You may have heard the term “Data Vault” being mentioned occasionally. In fact, I find that when speaking to our larger clients about the best way to organize information by developing a data model, two solutions are often brought up. The first is a relational model which we all know and love. The second, which many clients are less familiar with, is a data vault model.
Architecture of data vault provides an exceptional solution to technical issues and business problems alike. The methodology revolves complete around data integration efforts across the enterprise and is built from solid foundational concepts. During the last few years, Data Vault has increases in popularity providing a next-generation solution for tackling modern data warehouse problems.
What is a Data Vault?
A Data Vault is defined as a detail oriented, historical tracking and uniquely linked set of normalized tables that support one or more functional areas of business.

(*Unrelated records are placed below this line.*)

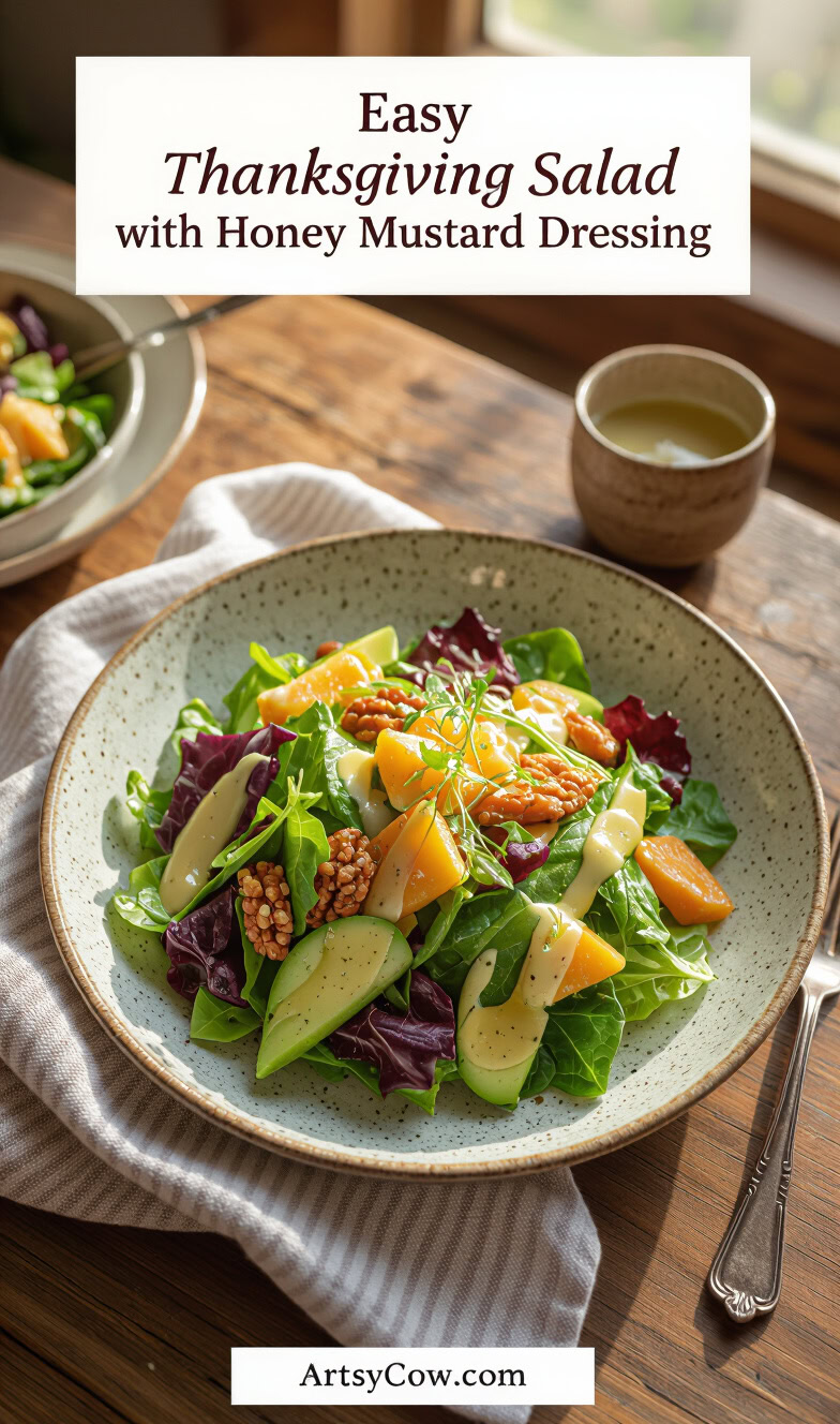 This Easy Thanksgiving Salad with Honey Mustard Dressing is simple enough for weeknights, but festive enough for the feast. And yes, the honey mustard is the star—without needing a chef cape.
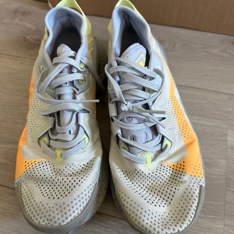 Nike Pegasus Trail løpesko i størrelse 43. Skoene har en kombinasjon av materialer som gir god pusteevne og slitestyrke. Designet for terrengløping med godt grep på sålen og demping i mellomsålen. Fargen er hovedsakelig burgunder med gule og oransje detaljer.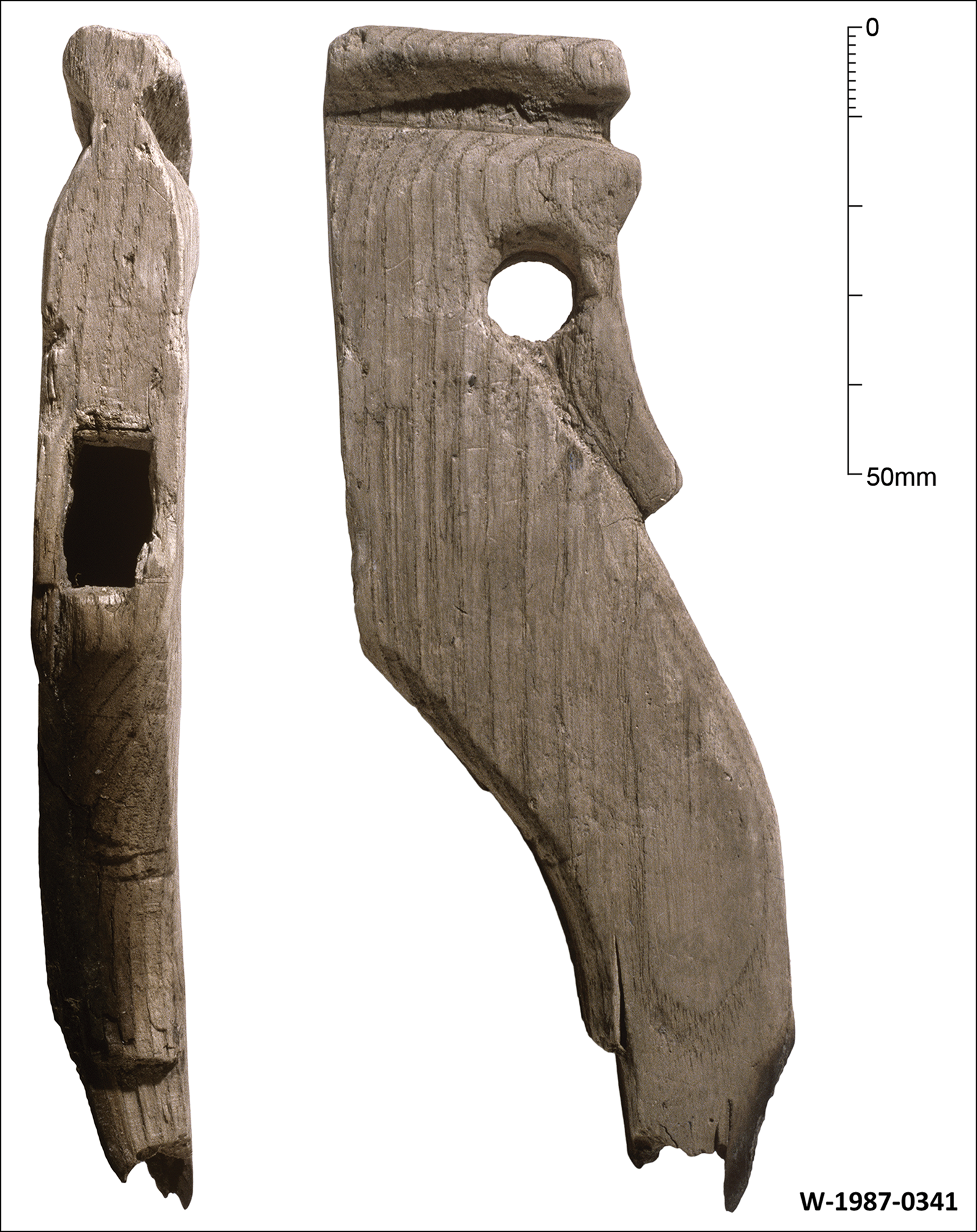 Figure 5. Ash wood framesaw handle (W-1987-0341) from Vindolanda, indicating wear of the handle through use (photographs by R. Sands).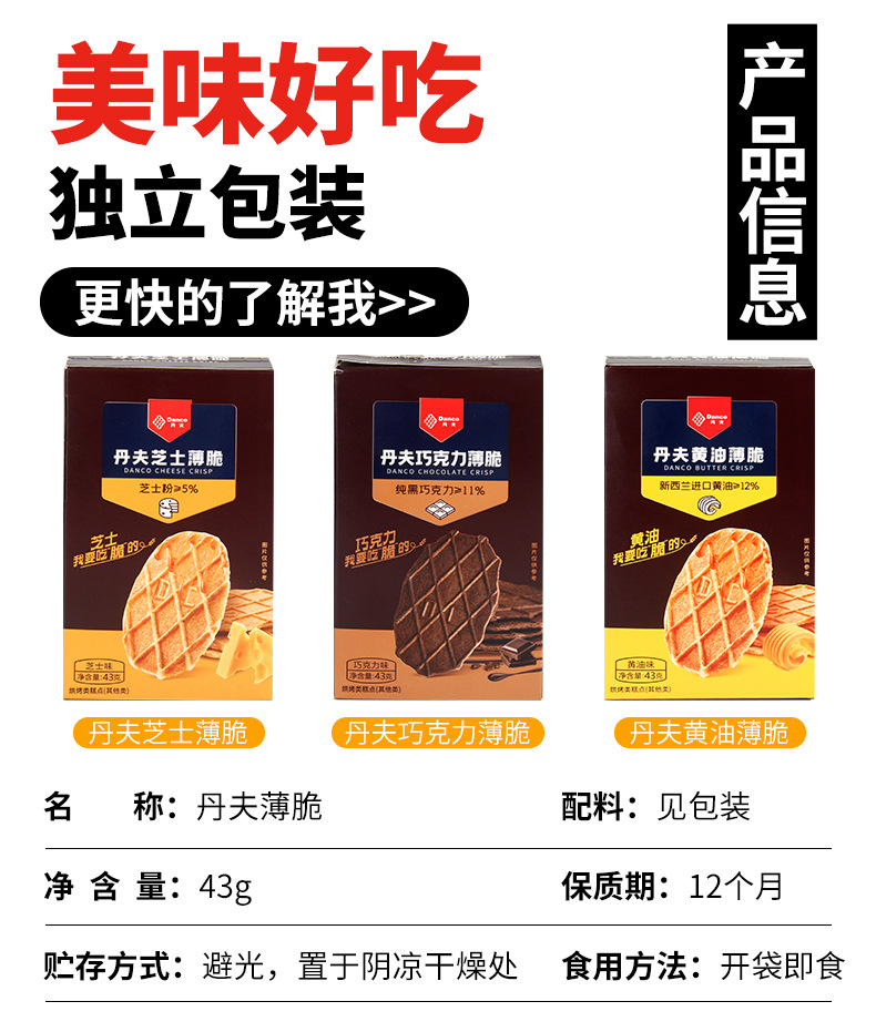 댄포 초콜릿 크리스프 43g 박스형 치즈 케이크 버터 크리스프 와플 스낵 도매
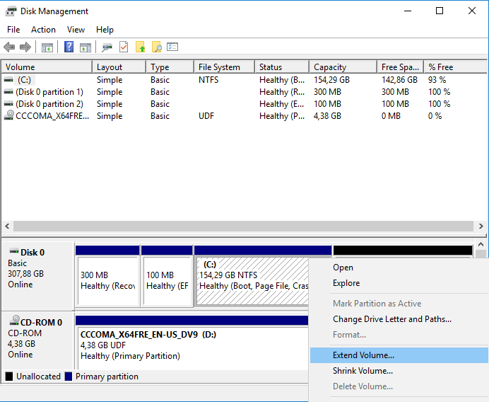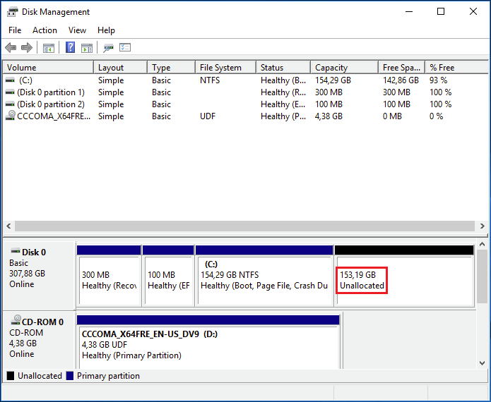 Disk Management will report that you now have an extra partition on the hard drive that’s marked as Unallocated. You can add this Unallocated partition manually to your main disk (C:) partition:

Software, data teams, business processes generally change over time. The need for a new modelling technique arose because of the ever-changing nature of this. In traditional data warehouse modelling techniques, it is quite costly to make changes on a frequent basis. Data Vault, on the other hand, was designed to solve these problems.
Data Vault was established to enable auditing and storage of historical data, permit parallel loading, and allow companies with a variety of data sources to scale without starting a whole redesign of the current solution.
What are the Advantages and Disadvantages of Data Vault?
When considering designing a data lake around the Data Vault methodology, we should consider the potential pros and cons of it.
Advantages of using Data Vault:
- Provides auditability by historical record tracking
- Insert only architecture
- Flexible to variations and changes without re-engineering
- Can be built incrementally
- Fault-tolerant ingestion pipelines
- Keeps all data
- Decoupling of rules and data (Data vault stores business rules separately, so it is easier to update)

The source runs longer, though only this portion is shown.